**BRIEF**
Beginning with the top line of the listing below, give again every line up to and including the line with "当解n阶线性代数方程组时,n越大,向量化程度越高。其关系如下表所示。"; pictures do not belong in the copy.
***** SUPPLIED MATERIAL
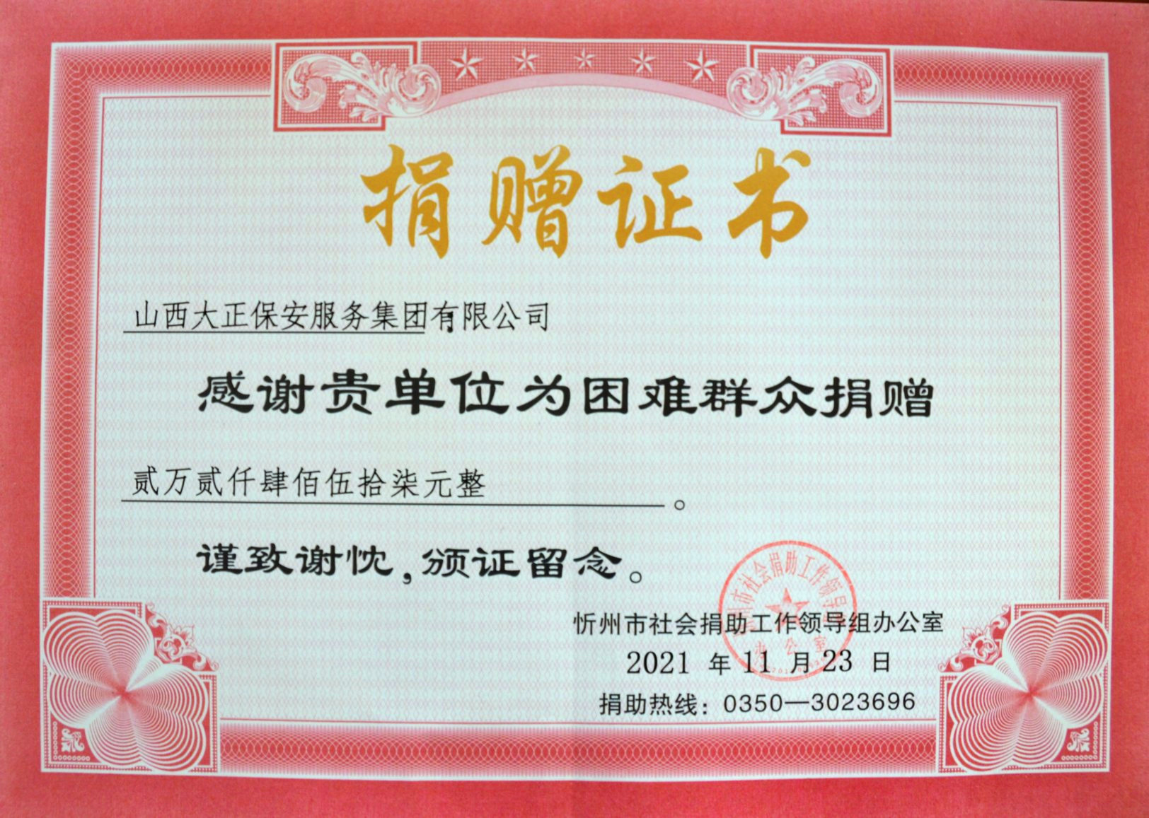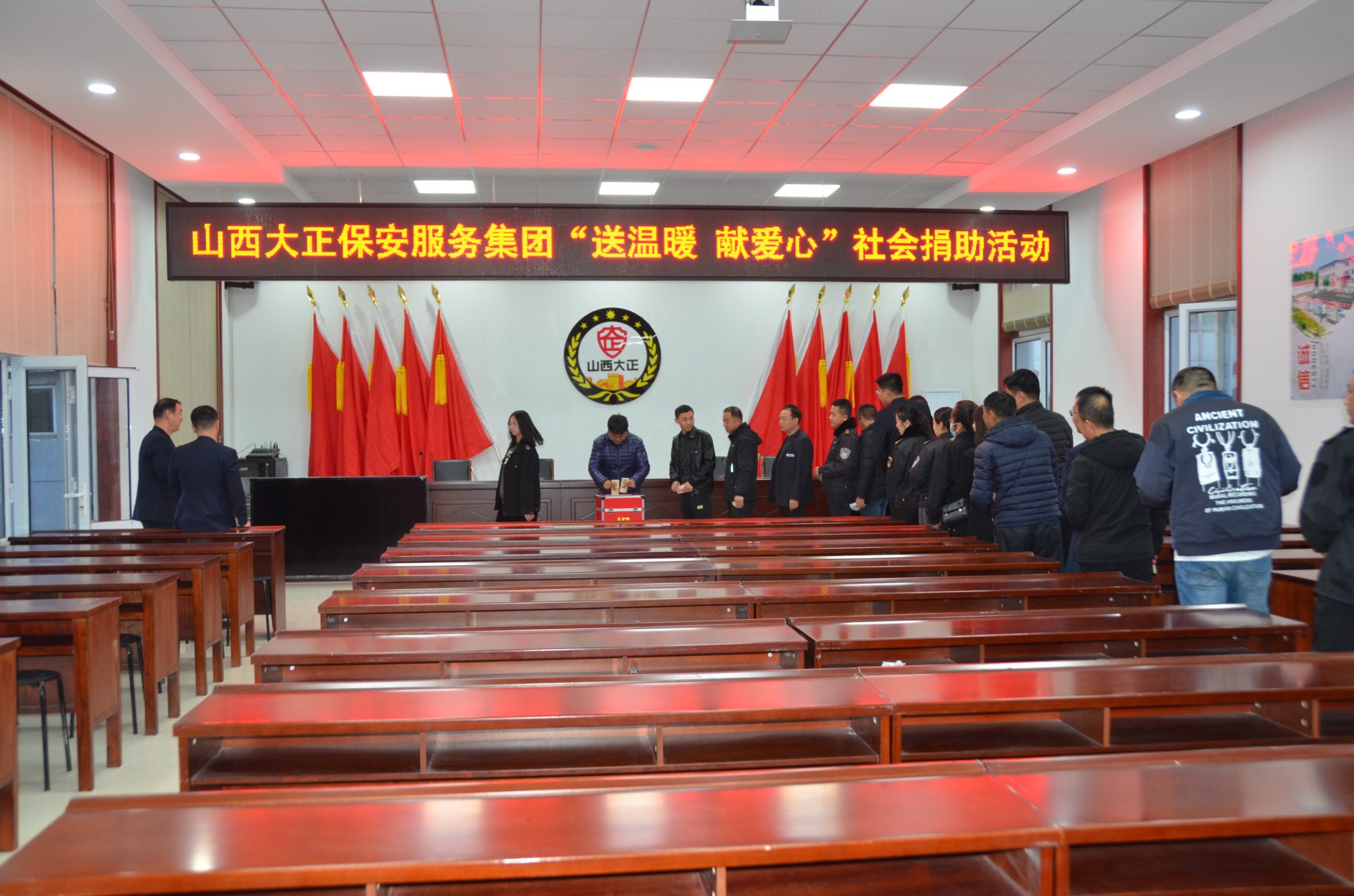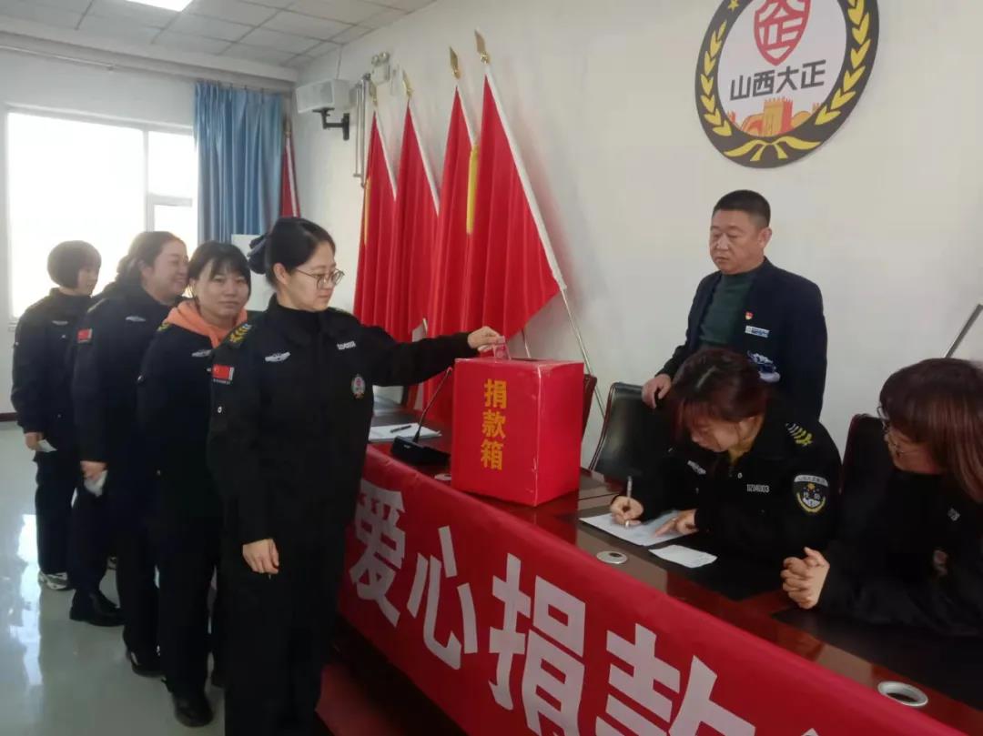 11月15日,集團公司組織領(lǐng)導班子成員及總部駐地全體員工在大會議室參加了社會捐助活動。本次捐助活動,彰顯了山西大正保安集團廣大員工的奉獻擔當精神,也激發(fā)了公司全體員工扶危濟貧的愛心,在全公司上下營造了無私奉獻、助人為樂的濃厚氛圍。
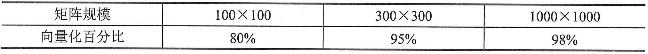 当解n阶线性代数方程组时,n越大,向量化程度越高。其关系如下表所示。
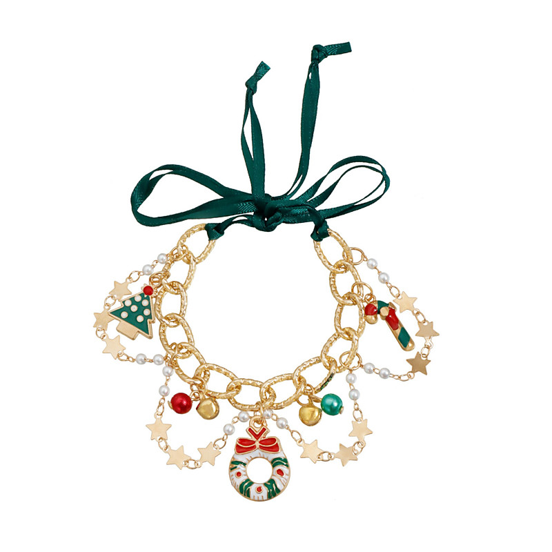 Women's Christmas Necklace and Bracelet Set, Red and Gold with Santa Tree Charms, Perfect for Holiday Parties and Gifts
**********
**THE ANSWER**
 11月15日,集團公司組織領(lǐng)導班子成員及總部駐地全體員工在大會議室參加了社會捐助活動。本次捐助活動,彰顯了山西大正保安集團廣大員工的奉獻擔當精神,也激發(fā)了公司全體員工扶危濟貧的愛心,在全公司上下營造了無私奉獻、助人為樂的濃厚氛圍。
 当解n阶线性代数方程组时,n越大,向量化程度越高。其关系如下表所示。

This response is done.